そのたびに、崖の間から射し始めた陽光で少女の水色の髪が揺れて輝いた。
「おいおい、腰抜け同士が何をしている」
横から声がかかる。
ボルズだった。
他の兵士たちも一緒だ。
逃げる魔犬を追ってここまでやって来たのだろう。
もう少し時間を稼げば、魔犬女王は逃げ切ることができるはずだ。
彼女に咥えられたエカテル商会の主については――彼の知ったことではない。
フレネルに行った仕打ちの報いを受けることだろう。
運がよければ、胴体を噛み切られてあっさり死ぬことができるかもしれない。
だが、兵士の声を耳にした少女は予想外の行動に出た。
立ち止まって眺めるボルズに走り寄ると、彼を突き飛ばして兵士たちの背後を通り、魔犬を追いだしたのだ。

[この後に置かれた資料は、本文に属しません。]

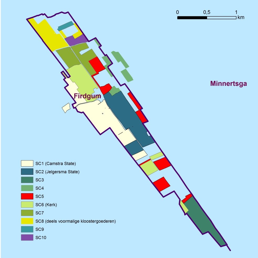 Uit de stem- en floreenkohieren is af te leiden welke landerijen in het dorpsgebied van Firdgum tot welke boerderijen behoorden. Rond 1640 waren er in totaal 10 clusters van één tot zes percelen. Elk cluster vormde een boerenbedrijf. Opvallend is dat de meeste clusters grote aaneengesloten blokken vormden. Dit lijkt erop te wijzen dat eerst de grote blokken zijn ontstaan, die vervolgens in percelen zijn opgedeeld.57

アキオは、反射的にナノ強化して少女を追跡しようとして一瞬考える。
まだ予定の敵が現れていない。
この場で、衆人環視のもとで、完全なナノ強化を見せて良いものか――
結果、彼は強化を行わず、彼女を追い始めた。
ジャッケルとの距離は20メートルばかり、これなら、ボルズたちの目が届かない場所まで走ったあとで、加速して追いつけるはずだ。

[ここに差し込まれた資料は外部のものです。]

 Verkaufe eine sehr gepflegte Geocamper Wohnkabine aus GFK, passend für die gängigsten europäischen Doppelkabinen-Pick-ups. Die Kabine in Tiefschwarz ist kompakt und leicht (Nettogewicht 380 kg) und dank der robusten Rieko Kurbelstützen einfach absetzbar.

アキオは黙ったまま、尻もちをつくボルズの横を通り過ぎる。
兵士から離れ、少し加速して走りだそうとした時、ジャッケルが空中を飛んできた。
さらに少し加速して彼は小柄な少女を受け止めた。
大きな怪我はしていないようだが気絶している。
一回転して、彼女を地面にそっと下すと、彼は魔犬の走り去った方角を見た。
そこには、すらりとした男が立っていた。
顔全体を覆う白い仮面をつけている。
そのため表情はわからないが、痩せて締まった体つきから、まだ若いことが察せられた。
アキオの五感が強く警戒を発する。
ただの人間には感じたことのない感覚だ。
確信があったわけではない。
ただ、機械的に彼は何かに備える。
結果的に、それが彼を救った。
少年の姿が幻のようにブレると、いきなりアキオの直前に現れた。
すさまじい速さ、威力のパンチが彼を襲う。
人間の出せる速度ではなかった。
かつて、戦闘狂アレク・ミードが使っていたナルコティック・アクセラレーターを使っているかのような速さだ。
そしてその威力は、硬化外骨格顔負けだった。
ただの人間と対峙しているつもりでいたなら、死なないまでも、一撃で、かなり重大なダメージを受けたことだろう。
土煙を上げて15メートルばかり後退させられたアキオは、殴った体勢から身を起こす相手を見た。
激しい動きのため仮面が吹っ飛んで素顔が現われていた。
予想通り、まだ若く、わずかに少年の面影が残る顔だ。
「さすがに、魔犬女王を追い返すことはあるな」
青年が笑う。
まだ青さの残るその声は、楽しげだった。